The Pentagon's Imaginary War with Russia
The Pentagon and their vendors of ultra-expensive superweapon systems (General Dynamics, Lockheed, Northrop Grumman, etc.) are a hammer searching for a nail.
Having rediscovered the theoretical impossibility of winning a guerrilla war in the Middle East, after first discovering this fact in Vietnam, they are turning their attention to the tried and true enemy of the 20th century: Russia. Fighting a regular army that can issue strategically valid surrender must seem fresh and invigorating to the planners and politicians that are guaranteed to do exactly none of the fighting and dying on the battlefield. Russia is a respectably scary enemy, and if they are portrayed as threatening the livelihoods of Americans by the US body-politic, then there is no doubt that more tax money can be squeezed from a spineless Congress, into the coffers of the war machine, and onward into their campaign coffers.
Exactly nothing geopolitically has changed since 1991 when the Soviet Union collapsed as far as our relationship with Russia. They have enough nukes to destroy the United States, and we have enough nukes to destroy them. This same stalemate has existed since approximately 1965, and no useful means of defense against intercontinental ballistic missiles has been deployed. Simply enough, each country mutually assures the other's destruction.
Despite no change in the strategic landscape, newspapermen and politicians wonder aloud how we will contain the Russian threat to Europe, and wax hysterical about conventional weapons systems and whether or not ours measure up to theirs. Is there a plausible scenario in which a Russian tank will actually be forced to fight head to head with a US tank? Would this happen before nuclear weapons are falling? After? If nuclear weapons fall at any point, does it matter what kind of fighter jet anyone has?

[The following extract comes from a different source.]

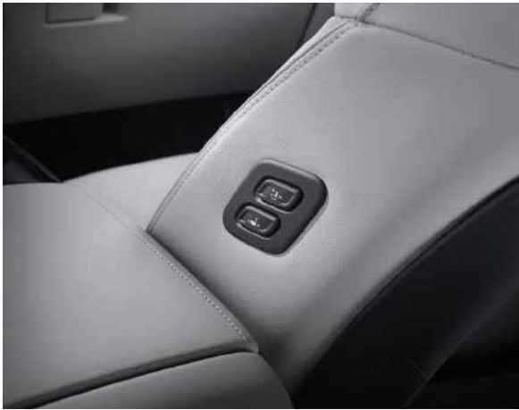
Integrated Memory Seat Walk-In-Device (Passenger)

Seeing no need to consider these questions, the US government contracted a stealth destroyer be constructed, and has been in the midst of an enormously expensive procurement project for the F-35 joint strike fighter for as long as I can remember. It's operational effectiveness is questioned by everyone, and its usefulness claimed by no one. It is an albatross, and may end up costing the taxpayer a trillion dollars. Even a good jet is useless in a nuclear war, much less a bad one.
It is an atrocious case of normalcy bias. The Air Force buys better planes that its stated enemy. The Navy plans for battle with the ships belonging to its stated enemy. The Army plans for battles involving tanks and men because they have tanks and men to fight with. If either the US or Russian government ever face an existential crisis, where the politicians themselves face annihilation, the nuclear weapons will come out. Everything else is a sideshow.

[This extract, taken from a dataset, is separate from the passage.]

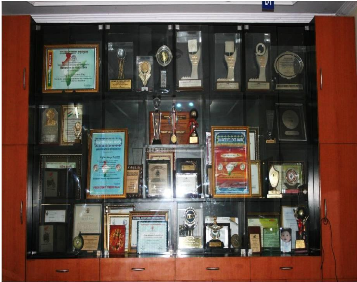
PHOTOGRAPHS OF AWARDS AND CERTIFICATES RECEIVED BY WINGS AUTOMOBILE PRODUCTS PVT LTD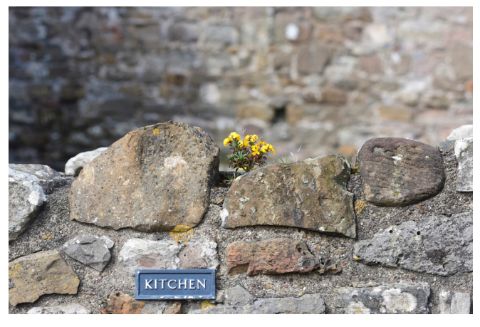
Students could explore the kitchens and think about the sights, smells and sounds that servants might have experienced there.

There is no point in fighting a war where there is no chance of winning, and if, after 40 years of the Cold War the US and Soviet Union never crossed swords, what is the likelihood that the tinker-toy weapons systems of today will ever be used against the Russians in the future? Cold War doctrine was always calculated based one-hundred percent on nuclear capability, and nothing has changed since. A tank is like a dust-mite in comparison to an H-bomb; an aircraft carrier a match box, still.

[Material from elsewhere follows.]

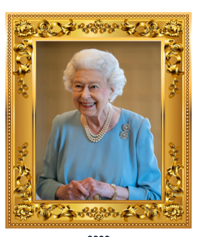
2022 QUEEN ELIZABETH II CELEBRATED HER PLATINUM JUBILEE (70 YEARS)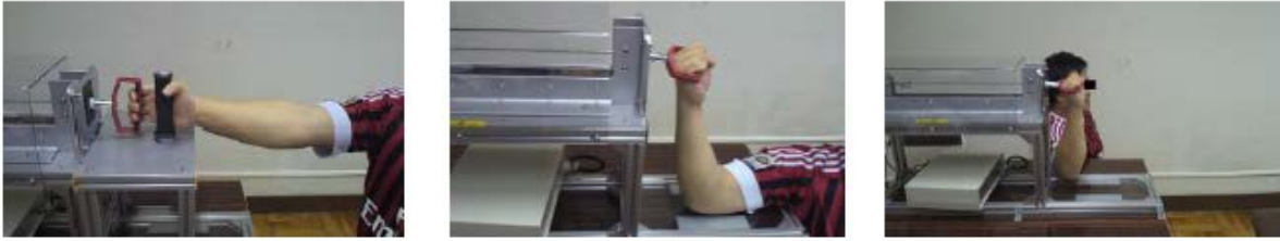
Fig. 2 Measurement procedures

(From left; handgrip, elbow flexion, and shoulder internal rotation)

But even fake wars have real costs. Another Cold War with Russia will waste the labor of untold millions, and worst of all it will be labor of our best and brightest. Scientists and engineers who could otherwise be building bridges and eradicating diseases will instead be tasked with designing glorified fishing boats and ATVs for a generation of men trained to fight a war that cannot possibly occur against an enemy that will vaporize them or be vaporized long before the two sides ever meet. The material and genius already wasted in fighting the Soviet bogeyman is practically incalculable, as the progress we would have enjoyed daily is instead locked up in a boneyard of rusting airplanes in Arizona. The life's work of thousands of brilliant minds, brilliant airframes with fabulous designs, never used, wasting away in the desert. Another Cold War will cost us the billions it cost before, but it will also cost us in the peacetime technological advances that bring us all a better life.
No nuclear power has ever been invaded, and it is difficult to imagine the circumstances under which a nuclear power would tolerate defeat when it could be avoided at the touch of a button. To envision a second Cold War to be any different is absurd, and to waste the labors of the United States in preparing for an imaginary conventional war will certainly cause more damage to the country than it could ever prevent.